Activity =
With the pictures left out, write every entry down exactly.

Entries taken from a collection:
== Segment start ==
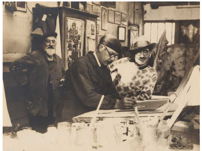
Mathurin Méheut chez le lithographe, photographie archives musée Mathurin Méheut.
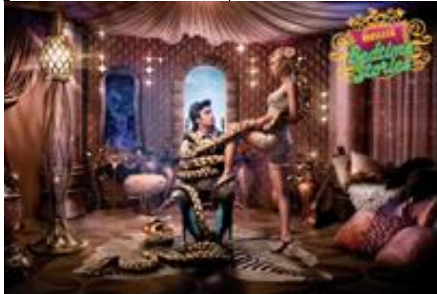
Figura 3 – Contos de Melissa - Rapunzel

DIAS, A. K.; ARÊAS, D.; DIAS, E. C.; GUTIERRE, M.M.B.
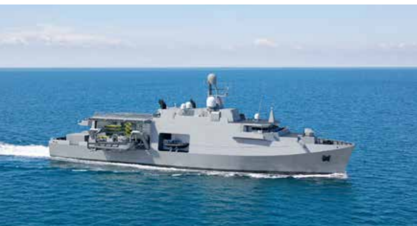
Het nieuw te bouwen MCMV. (Artist impression: Naval Group)
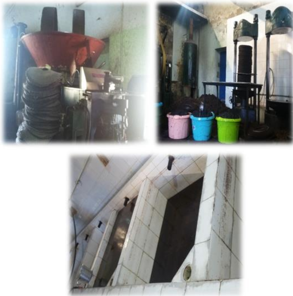
Figure 11 : Etat des lieux au niveau de l'huilerie Abdeli, El Alamia

C'est aussi unité traditionnelle d'extraction d'huile d'olives. Les principales opérations du processus d'extraction d'huile d'olive sont les mêmes que pour l'huilerie 02. La figure 11 illustre l'état des lieux au niveau de cette huilerie.
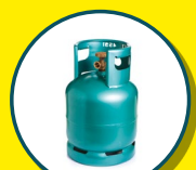
BOUTEILLES DE GAZ
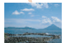
番所鼻公園：海の池

古き良き港町石垣まち歩き 所要時間 約30分 その昔、貿易で栄えた石垣は豪商の跡が色濃く残る隠れ家のなまちで、映画「男はつらいよ」の舞台にもなったところだ。 人情味あふれる商店街や、坂や裏路地が残る町並みをぶらぶらと散歩してみよう。 駐車場にもなる石垣ふるまじりには案内看板があり、まち歩きマップも手に入ります。
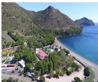
VILLAGE DE VACANCES
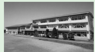
▲複式学級がスタートする荒谷小

A 1人の担任が2学年を受け持つことになるため、複式学級の経験のある教員の配置を県教育委員会に求めている。また、担任をサポートする学習指導員を募集して、授業での支援をしてもらう予定である。
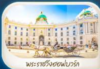
พระราชวังฮอฟบวร์ก

12-18 มี.ค.68 / 19-25 มี.ค.68 28 เม.ย. - 4 พ.ค.68 7-13 พ.ค.68
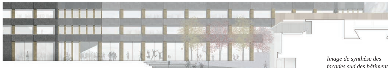
Image de synthèse des façades sud des bâtiments

Pas de panique ni de précipitation donc et prenons soin de prendre les bonnes décisions qui permettront de terminer ces bâtiments scolaires et publics, avec des finitions de qualité, tant architecturales, fonctionnelles que durables pour au moins 50 ans. Le statut de St-Maurice ville d'étude, de culture et de sport n'en sera que renforcé.
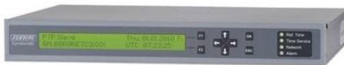
а) сервер времени
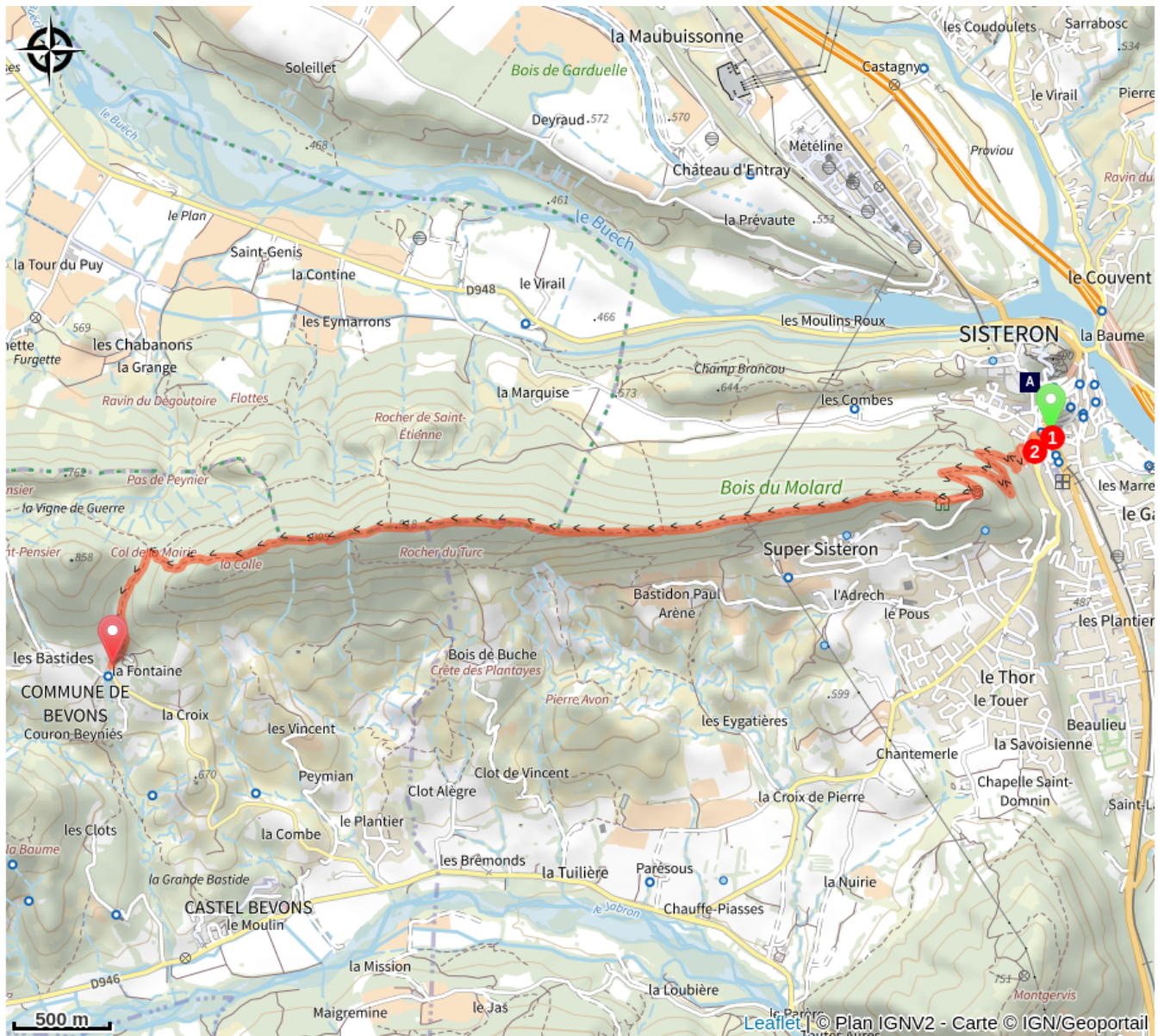
La Citadelle de Sisteron (A)
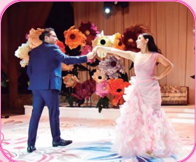
El papá de la quinceañera abrió la pista para bailar con su querida hija.
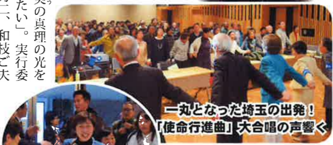
一丸となった埼玉の出発! 「使命行進曲」大合唱の響き
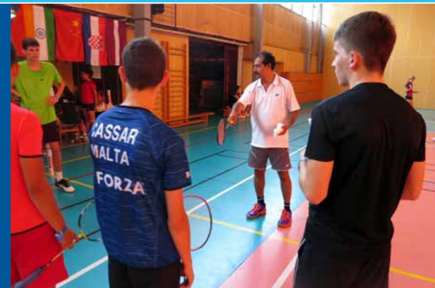
14. ročník mezinárodního kempu v Mostě vedli špičkoví světoví trenéři
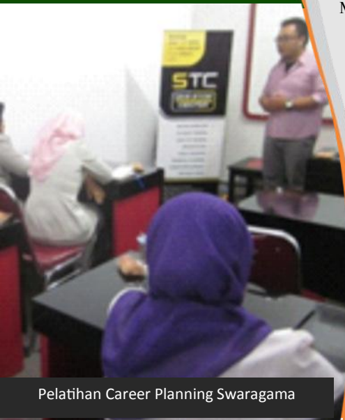
Pelatihan Career Planning Swaragama
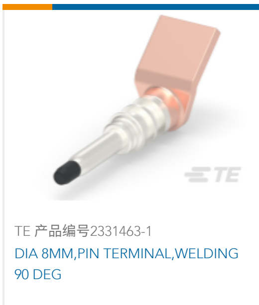
TE 产品编号2331463-1 DIA 8MM,PIN TERMINAL,WELDING 90 DEG
== Segment end ==
Response =
Mathurin Méheut chez le lithographe, photographie archives musée Mathurin Méheut.
Figura 3 – Contos de Melissa - Rapunzel

DIAS, A. K.; ARÊAS, D.; DIAS, E. C.; GUTIERRE, M.M.B.
Het nieuw te bouwen MCMV. (Artist impression: Naval Group)
Figure 11 : Etat des lieux au niveau de l'huilerie Abdeli, El Alamia

C'est aussi unité traditionnelle d'extraction d'huile d'olives. Les principales opérations du processus d'extraction d'huile d'olive sont les mêmes que pour l'huilerie 02. La figure 11 illustre l'état des lieux au niveau de cette huilerie.
BOUTEILLES DE GAZ
番所鼻公園：海の池

古き良き港町石垣まち歩き 所要時間 約30分 その昔、貿易で栄えた石垣は豪商の跡が色濃く残る隠れ家のなまちで、映画「男はつらいよ」の舞台にもなったところだ。 人情味あふれる商店街や、坂や裏路地が残る町並みをぶらぶらと散歩してみよう。 駐車場にもなる石垣ふるまじりには案内看板があり、まち歩きマップも手に入ります。
VILLAGE DE VACANCES
▲複式学級がスタートする荒谷小

A 1人の担任が2学年を受け持つことになるため、複式学級の経験のある教員の配置を県教育委員会に求めている。また、担任をサポートする学習指導員を募集して、授業での支援をしてもらう予定である。
พระราชวังฮอฟบวร์ก

12-18 มี.ค.68 / 19-25 มี.ค.68 28 เม.ย. - 4 พ.ค.68 7-13 พ.ค.68
Image de synthèse des façades sud des bâtiments

Pas de panique ni de précipitation donc et prenons soin de prendre les bonnes décisions qui permettront de terminer ces bâtiments scolaires et publics, avec des finitions de qualité, tant architecturales, fonctionnelles que durables pour au moins 50 ans. Le statut de St-Maurice ville d'étude, de culture et de sport n'en sera que renforcé.
а) сервер времени
La Citadelle de Sisteron (A)
El papá de la quinceañera abrió la pista para bailar con su querida hija.
一丸となった埼玉の出発! 「使命行進曲」大合唱の響き
14. ročník mezinárodního kempu v Mostě vedli špičkoví světoví trenéři
Pelatihan Career Planning Swaragama
TE 产品编号2331463-1 DIA 8MM,PIN TERMINAL,WELDING 90 DEG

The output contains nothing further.